IIV on no-steroid branch only. Table 3 reports ISV for $\lambda_0$ and $\theta_{\mathrm{PDV}}$ but not for $\theta_{\mathrm{PDV\_S}}$ , suggesting the original NONMEM $PK block applied the eta only in the no-steroid branch (the steroid branch substitutes the population-typical reduced value). This is the encoding adopted here: theta_pdv_eff = (1 - CONMED_STEROID) * theta_pdv_subject + CONMED_STEROID * theta_pdv_s, with theta_pdv_subject carrying the eta. A downstream re-fitter who wishes to attach an eta to $\theta_{\mathrm{PDV\_S}}$ as well can change the theta_pdv_s <- exp(ltheta_pdv_s) line in model() to theta_pdv_s <- exp(ltheta_pdv_s + etaltheta_pdv) (sharing the eta with the no-steroid branch) or introduce a separate eta in ini().
No PKNCA validation; no NCA in source. This is a discrete count likelihood for an imaging endpoint, not a PK exposure curve. There are no Cmax / AUC / half-life values to compare against – the source paper reports model-based descriptors (probability of zero CELs, maximum elapsed time without lesions, cumulative CELs per year) which the model reproduces by construction. The F.3 mechanistic-sanity check above is the analogue of the PKNCA check for count models, and the Figure 5 distribution replication is the analogue of a VPC.

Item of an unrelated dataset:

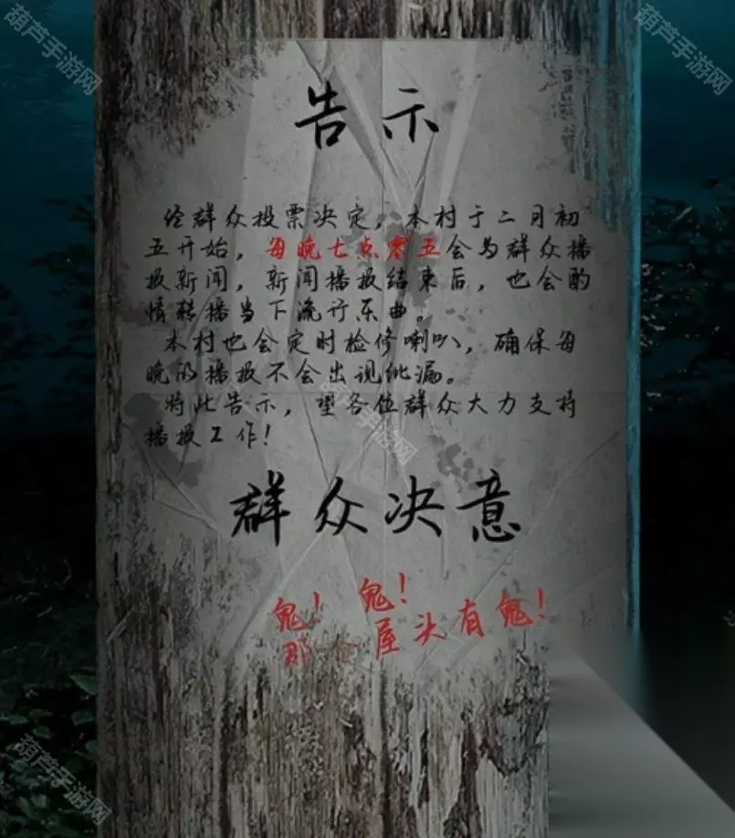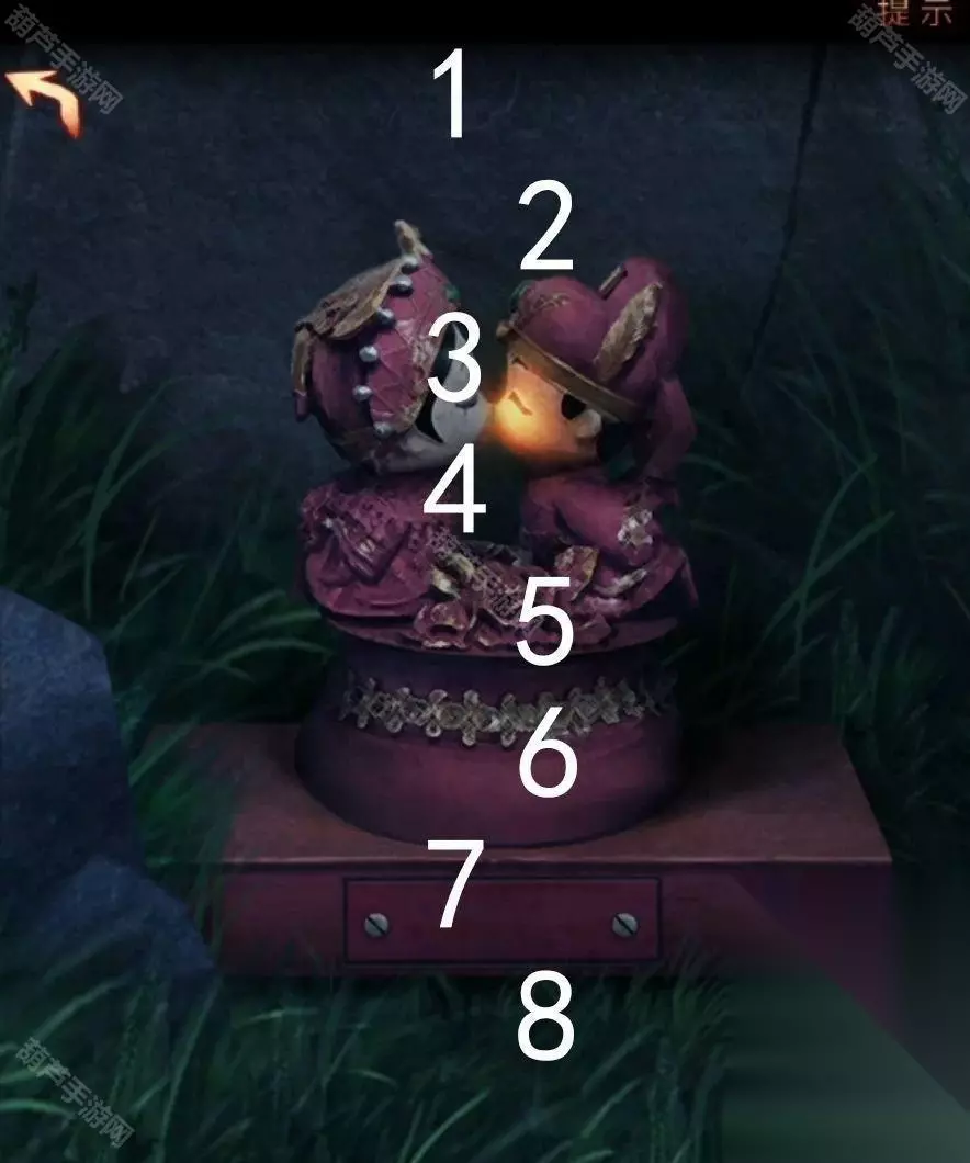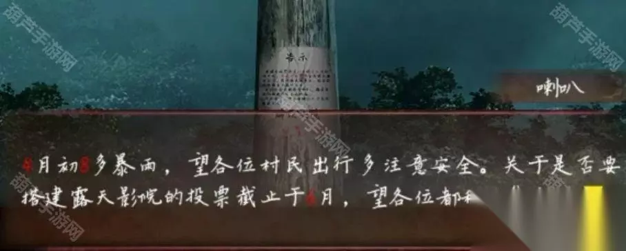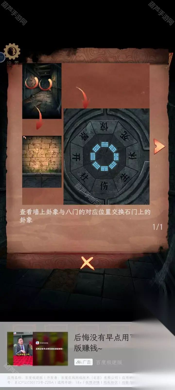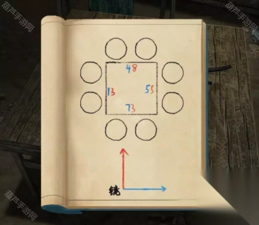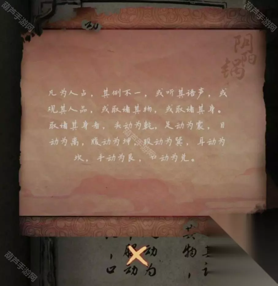 广播的内容就是线索,记下来红字48613这就是数字密码了,回到客厅查看右下角地上的密码箱,五位数字密码没错了,调整为48613后打开箱子拿到圆形镜子,查看左边的小锁后就看到纸条了,不过纸条上的提示没什么用因为我们乐器旁边有文字了。 回到卧室将圆镜子放在大镜子上触发剧情,剧情后镜子上出现文字,正对应上了之前的线索,既然是从左下角数,先蓝色再红色,那么上面48对应的字是槐,左边13对应的字是愁,下面73对应的字是眠,右边55所对应的字是思,记下来字和对应位置哦。 对墙上的年画娃娃使用鱼的画,之后年画自己脱落露出下面的机关,查看一下注意到是文字,我们现在获得的文字线索就是镜子上的了,上面的文字是槐,也就是木和鬼,正好也是左右结构;下面的文字是眠,拆分成目和民;左边的文字是愁,拆分成上下结构就是秋和心;右边的文字是思,拆分成上下结构是田和心,调整一下打开机关。 打开的机关内有个凹槽,使用那一半玉佩后就能自动放入男主身上的一半,看剧情本章结束啦~可惜没有,剧情过后拿到一个石像头,出门来到地窖口发现地窖门开了,这里没有任何提示哦!进入地窖后查看一下被小老鼠来回跑的红薯拿到一根棺材钉,对后面小神龛使用棺材钉露出无头神像,使用石像头后拿到一张线索纸。 看这个圆柱形的东西很眼熟,回到水缸查看一下水缸上面出现了文字,考虑到线索纸条上的文字没有重复且连续,优先考虑是顺序,那么按照数字顺序我们就可以获得密码边闷盍磨边闷平,也不用换地方就在水缸旁边演奏一下拿到一块幡。 剧情过后再次来到地窖,对左边墙上画门的左上角使用棺材钉,然后使用幡就出现了石门,进入石门后本章结束 第四章图文攻略 在地上捡起掉下的灯笼放到墙面的壁灯上,观察光通过灯笼投射在墙面上的投影小人指的八门,小人旁边的光点代表顺序,得到八门按压的线索。八门按下顺序为:伤惊死生开休。

Markov simulation is iterative, not native rxode2. Because the observation depends recursively on prior observations, the 48-month simulation cannot be expressed as a single rxSolve call. The model is registered as algebraic = TRUE in modeldb, so the closed-form equation 5 evaluation is identical between the packaged model (verified by the F.3 grid above) and the vectorized base-R helper simulate_cohort_markov() used for the 1000-subject Markov-cohort replication. Either route is acceptable; the base-R helper is preferred for stochastic sweeps because it avoids the per-call overhead of rxSolve. A future rxode2 release exposing observation-as-future-covariate would let this collapse to a single rxSolve invocation.
Demographic detail not in source. Age range, weight range, sex split, race / ethnicity are not tabulated in the Velez de Mendizabal 2013 publication; the Methods section refers to Bagnato et al. 2003 (reference [25] of the source paper) for the cohort description. The population metadata block records these fields as “(not reported)”.